Profile of antigen-specific immunoglobulin (Ig) G levels in cohort I. Antigen-specific IgG antibody abundance for 13 Schistosoma japonicum antigens, as measured by bead-based assay, in cohort I (n = 644) at baseline. Box plots represent interquartile ranges of antibody abundances, with individual quantifications of antibody abundance per participant represented as individual dots. Whiskers represent the range of data points, from minimum to maximum. Abbreviations: SEA, soluble egg antigen; Sj41, Sj68, Sj97, and Sj191, S. japonicum 41, 68, 97, and 191; SjALDFla, S. japonicum aldolase; SjERBP1a, S. japonicum plasminogen activator inhibitor 1 RNA-binding protein 1a; SjERBP1b, S. japonicum plasminogen activator inhibitor 1 RNA-binding protein 1b; SjF1a, S. japonicum ferritin-1 heavy chain; SjF2, S. japonicum ferritin-1 light chain; SjG10, also known as S. japonicum CHGC04682; SjHDM-1, S. japonicum helminth defense molecule 1; SWAP, soluble worm antigen preparation.

Figure 3.

Schistosoma japonicum helminth defense molecule 1 (SjHDM-1) is a component of the excretory/secretory products of adult S. japonicum worm culture. Western blot analysis was used to identify an approximately 11-kDa protein in 24-hour culture of S. japonicum adult worms perfused from infected mice. Lane 1, culture medium; lane 2, culture medium spiked with 1.0 μg of mouse monoclonal immunoglobulin (Ig) G₁; lane 3, culture medium spiked with 0.1 μg of mouse monoclonal IgG1; and lane 4, 24-hour worm culture supernatant.

Figure 4.

Anti–Schistosoma japonicum helminth defense molecule 1 (SjHDM-1) immunoglobulin (Ig) G is associated with increased levels of C-reactive protein (CRP) and lower levels of albumin. Serum CRP (A) and albumin (B) levels were analyzed by tertile of the distribution of anti–SjHDM-1 IgG antibody levels in cohort I at baseline, after adjustment for age and S. japonicum infection intensity for both CRP and albumin, as well as hookworm infection intensity for CRP. Bars represent least square means; error bars, standard errors of the mean.

Figure 5.

Anti–Schistosoma japonicum helminth defense molecule 1 (SjHDM-1) immunoglobulin (Ig) G is associated with enlarged liver and spleen sizes. Liver (A) and (B) spleen (B) sizes were analyzed by tertile of the distribution of anti–SjHDM-1 IgG antibody levels in cohort I at baseline, after adjustment for age, Schistosoma japonicum infection intensity, sex, and height for both liver and spleen size as well, as hookworm infection intensity for spleen size. Bars represent least square means; error bars, standard errors of the mean.

Figure 6.

Anti–Schistosoma japonicum helminth defense molecule 1 (SjHDM-1) immunoglobulin (Ig) G is associated with decreased anthropometric measures of chronic nutritional insults.
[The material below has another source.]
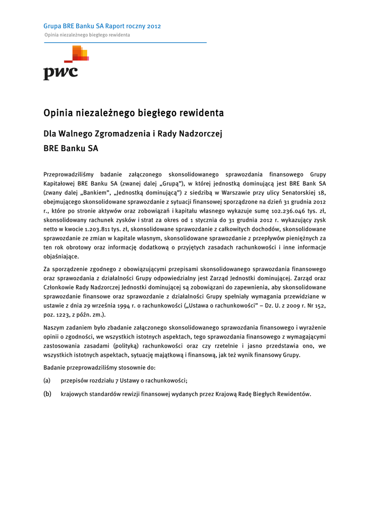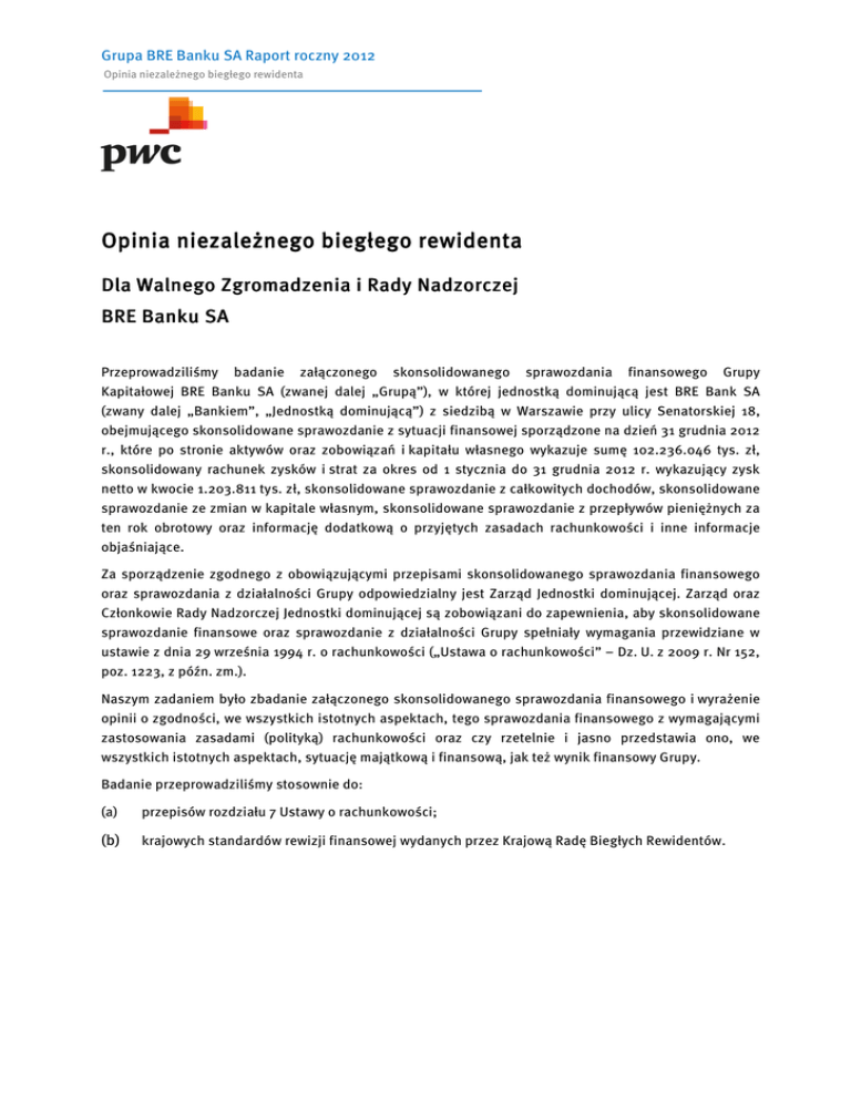 Grupa BRE Banku SA Raport roczny 2012 Opinia niezależnego biegłego rewidenta Opinia niezależnego biegłego rewidenta Dla Walnego Zgromadzenia i Rady Nadzorczej BRE Banku SA Przeprowadziliśmy badanie załączonego skonsolidowanego sprawozdania finansowego Grupy Kapitałowej BRE Banku SA (zwanej dalej „Grupą”), w której jednostką dominującą jest BRE Bank SA (zwany dalej „Bankiem”, „Jednostką dominującą”) z siedzibą w Warszawie przy ulicy Senatorskiej 18, obejmującego skonsolidowane sprawozdanie z sytuacji finansowej sporządzone na dzień 31 grudnia 2012 r., które po stronie aktywów oraz zobowiązań i kapitału własnego wykazuje sumę 102.236.046 tys. zł, skonsolidowany rachunek zysków i strat za okres od 1 stycznia do 31 grudnia 2012 r. wykazujący zysk netto w kwocie 1.203.811 tys. zł, skonsolidowane sprawozdanie z całkowitych dochodów, skonsolidowane sprawozdanie ze zmian w kapitale własnym, skonsolidowane sprawozdanie z przepływów pieniężnych za ten rok obrotowy oraz informację dodatkową o przyjętych zasadach rachunkowości i inne informacje objaśniające. Za sporządzenie zgodnego z obowiązującymi przepisami skonsolidowanego sprawozdania finansowego oraz sprawozdania z działalności Grupy odpowiedzialny jest Zarząd Jednostki dominującej. Zarząd oraz Członkowie Rady Nadzorczej Jednostki dominującej są zobowiązani do zapewnienia, aby skonsolidowane sprawozdanie finansowe oraz sprawozdanie z działalności Grupy spełniały wymagania przewidziane w ustawie z dnia 29 września 1994 r. o rachunkowości („Ustawa o rachunkowości” – Dz. U. z 2009 r. Nr 152, poz. 1223, z późn. zm.). Naszym zadaniem było zbadanie załączonego skonsolidowanego sprawozdania finansowego i wyrażenie opinii o zgodności, we wszystkich istotnych aspektach, tego sprawozdania finansowego z wymagającymi zastosowania zasadami (polityką) rachunkowości oraz czy rzetelnie i jasno przedstawia ono, we wszystkich istotnych aspektach, sytuację majątkową i finansową, jak też wynik finansowy Grupy. Badanie przeprowadziliśmy stosownie do: (a) przepisów rozdziału 7 Ustawy o rachunkowości; (b) krajowych standardów rewizji finansowej wydanych przez Krajową Radę Biegłych Rewidentów. Grupa BRE Banku SA Raport roczny 2012 Opinia niezależnego biegłego rewidenta Opinia niezależnego biegłego rewidenta Dla Walnego Zgromadzenia i Rady Nadzorczej BRE Banku SA (cd) Badanie zostało zaplanowane i przeprowadzone tak, aby uzyskać wystarczającą pewność, że skonsolidowane sprawozdanie finansowe nie zawiera istotnych błędów i przeoczeń. Badanie obejmowało między innymi sprawdzenie, na podstawie wybranej próby, dowodów potwierdzających kwoty i informacje wykazane w skonsolidowanym sprawozdaniu finansowym. Badanie obejmowało również ocenę zasad rachunkowości stosowanych przez Grupę oraz istotnych oszacowań dokonywanych przy sporządzeniu skonsolidowanego sprawozdania finansowego, a także ogólną ocenę jego prezentacji. Uważamy, że nasze badanie stanowiło wystarczającą podstawę dla wyrażenia opinii. Naszym zdaniem, załączone skonsolidowane sprawozdanie finansowe we wszystkich istotnych aspektach: (a) przedstawia rzetelnie i jasno sytuację majątkową i finansową Grupy na dzień 31 grudnia 2012 r. oraz wynik finansowy za rok obrotowy od 1 stycznia do 31 grudnia 2012 r. zgodnie z Międzynarodowymi Standardami Sprawozdawczości Finansowej zatwierdzonymi przez Unię Europejską; (b) jest zgodne w formie i treści z obowiązującymi Grupę przepisami prawa; (c) zostało sporządzone na podstawie prawidłowo prowadzonej dokumentacji konsolidacyjnej. Informacje zawarte w sprawozdaniu z działalności Grupy za rok obrotowy od 1 stycznia do 31 grudnia 2012 r. uwzględniają postanowienia Rozporządzenia Ministra Finansów z dnia 19 lutego 2009 r. w sprawie informacji bieżących i okresowych przekazywanych przez emitentów papierów wartościowych oraz warunków uznawania za równoważne informacji wymaganych przepisami prawa państwa niebędącego państwem członkowskim („Rozporządzenie” – Dz. U. nr 33 poz. 259, z późn. zm.) i są zgodne z informacjami zawartymi w zbadanym skonsolidowanym sprawozdaniu finansowym. Przeprowadzający badanie w imieniu PricewaterhouseCoopers Sp. z o.o., spółki wpisanej na listę podmiotów uprawnionych do badania sprawozdań finansowych pod numerem 144: Agnieszka Accordi-Krawiec Biegły Rewident Grupy, Kluczowy Biegły Rewident Numer ewidencyjny 11665 Warszawa, 7 marca 2013 r. Grupa BRE Banku SA Raport roczny 2012 Raport z badania skonsolidowanego sprawozdania finansowego za rok obrotowy od 1 stycznia do 31 grudnia 2012 r. Grupa Kapitałowa BRE Banku SA Raport z badania skonsolidowanego sprawozdania finansowego za rok obrotowy od 1 stycznia do 31 grudnia 2012 r. Grupa BRE Banku SA Raport roczny 2012 Raport z badania skonsolidowanego sprawozdania finansowego za rok obrotowy od 1 stycznia do 31 grudnia 2012 r. Raport z badania skonsolidowanego sprawozdania finansowego za rok obrotowy od 1 stycznia do 31 grudnia 2012 r. Dla Walnego Zgromadzenia i Rady Nadzorczej BRE Banku SA Niniejszy raport zawiera 15 kolejno ponumerowanych stron i składa się z następujących części: Strona I. Ogólna charakterystyka Grupy…………………………………………………………………………………. ................. 17 II. Informacje dotyczące przeprowadzonego badania……………………………………………………… .............. 22 III. Charakterystyka wyników, sytuacji finansowej Grupy oraz istotnych pozycji skonsolidowanego sprawozdania finansowego……………………………………………………………........................................... 23 IV. Stwierdzenia niezależnego biegłego rewidenta…………………………………………………………. ............... 30 V. Informacje i uwagi końcowe……………………………………………

Height, weight, and mid-upper arm circumference (MUAC) were measured and used to calculate body mass index z (BMIZ) (A), MUAC-for-height z (MUACHZ) (B), weight-for-age z (WAZ) (C), and height-for-age z (HAZ) (D) scores for each participant in cohort I; these scores were analyzed by tertile of the distribution of anti–SjHDM-1 IgG antibody levels in cohort I at baseline, after adjustment for age, S. japonicum infection intensity, sex, and socioeconomic status. Bars represent least square means; error bars, standard errors of the mean.